October 23, 2014

Android Apps ASAP!

If you want to be a hero to all the G1 users, develop the following apps ASAP and release them before the first G1 devices ship.

Disclaimer: Everything I know about the G1 is based on videos I have seen online and articles I have read. I have not actually handled a G1 yet. So, some of the following could be way off. But I have tried my best to ensure that you are not misled.

MS Exchange Support: This is a no-brainer. Android, as shipped on the G1, does not support Microsoft Exchange by default. Anybody who writes a good functional app to support MS Exchange stands to make a lot of money. Ergo, LOTS of people are probably writing this app as you read this.

Touchscreen Keyboard: As far as I know, Android does not have a native touchscreen keyboard. You have to slide out the screen of the G1 every time you want to type something – even if it is just a quick one-word or one-line message. What a pain! Any smartphone user (or even a regular cell phone user) knows that there are simply too many occasions when you want to type a quick message, with one hand, on the go (or under the desk in the classroom!). A touchscreen keyboard, with predictive text, well integrated into the Android OS and intuitively available for all other applications will be a WINNAAR!

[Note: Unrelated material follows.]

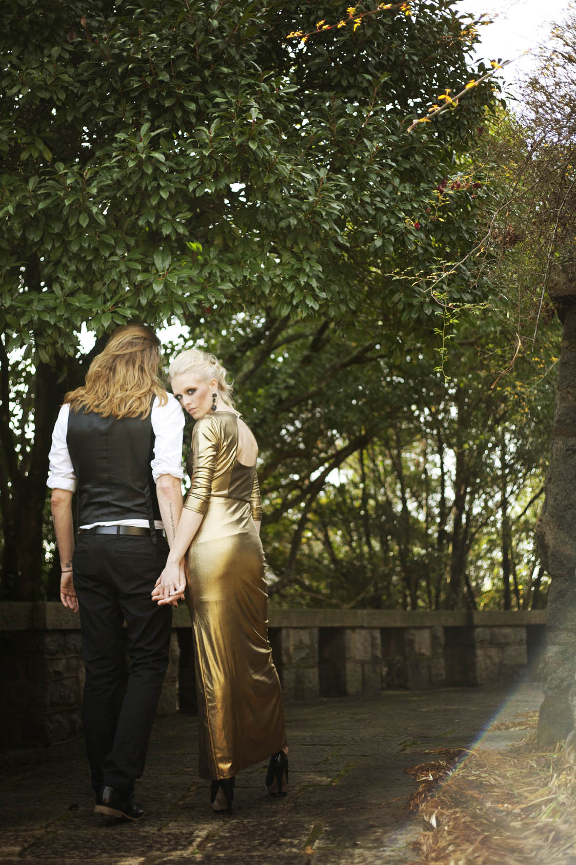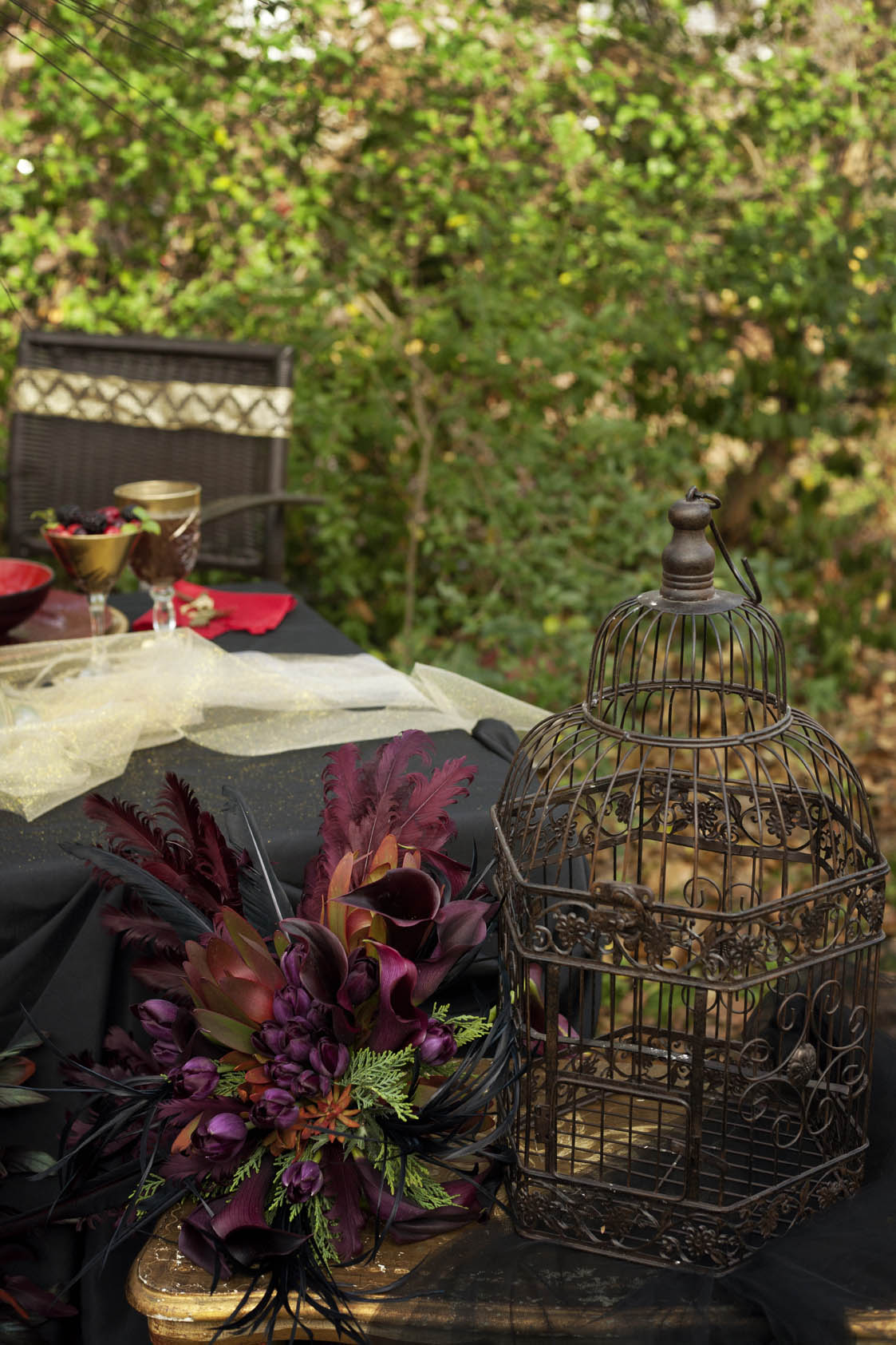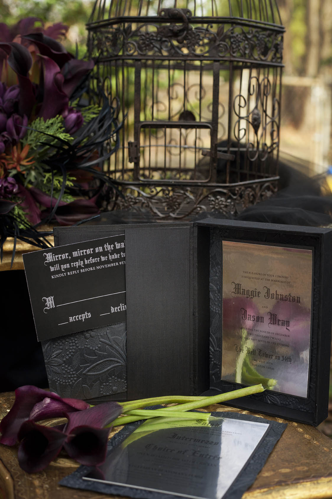 “I drew a lot of inspiration from strong images from the movie, as you will see in the floral design that looks like the queen’s crown. We really wanted to queen to be powerful and bold, and with the choice of both a gold and black dress I think it shows a new twist in the wedding industry with brides being daring enough to go outside the box. Another sweet little touch was Kelly’s little black bunny who happily modelled for us. The hair and make up really blew my mind. Ashlyn and I experimented until we found the perfect combination of black and gold eye shadow for a really couture look and Emily’s faux-hawk really adds to her dramatic look. Even the invitations are too good to be true, Tifany at Gourmet Invitations made them out of a mirror-like surface!”
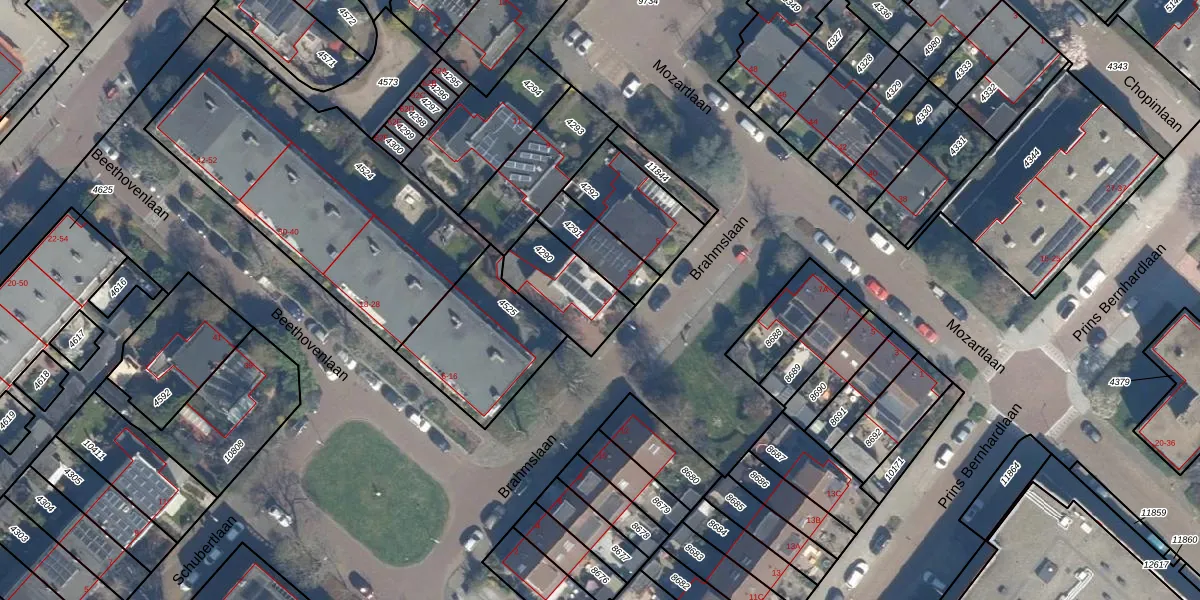 Het perceel waarop Brahmslaan 1 staat heeft een oppervlakte van 243 m². Dit is een middelgroot perceel. De perceeloppervlakte wordt geregistreerd door het Kadaster. Gedetailleerde informatie over de maten van dit perceel kunt u vinden in het rapport Kadastrale kaart met maatvoering van Brahmslaan 1.

Video Recording: The G1 does not support video recording. I am not sure if this is a software limitation or a hardware one. I suspect that it is a software handicap (just as it is on the iPhone). Needless to say, an app which enables good and easy video recording will be an instant hit.

Data Storage in the Cloud: The G1 does not have on-board memory for data storage. You need to use an SD card for all your data storage needs. How about a data storage service in the cloud, which seamlessly integrates with Android. The integration should be so tight that the cloud data store should be totally transparent to the user and function exactly like on-board storage. Your iPhone buddy brags of 16GB storage? You can beat him with unlimited storage. People would pay for that fo sho!

Data Porting: Android does not have a desktop component. So, all your phone data is stored in the cloud or on the on-board SD card. This is where the data porting app comes in. Make it easy for any and every type of data on your Android phone to be easily exported to your desktop computer. In formats that can be easily used or imported into other applications. The porting could happen via the ‘Data Storage in the Cloud’ described above. In fact, the data porting app and the cloud storage service could be one well-integrated solution.

VoIP App: This is once again a no-brainer. Numerous people are writing this app right NOW. Some have probably already written it. So, how about a single unified VoIP app, which would work on any network – GTalk, Yahoo! Messenger, MSN Messenger, Skype, Fring, etc., etc., etc. Won’t be easy to make a single lean client to work with all those different networks. Also, T-Mobile says they won’t support VoIP. May be not on 3G (how will they detect and block?). But this can surely be done on Wi-Fi!
Side note: I have a theory that the GTalk API was squashed from the first version of Android precisely because it would have made VoIP-based voice chat too easy to implement.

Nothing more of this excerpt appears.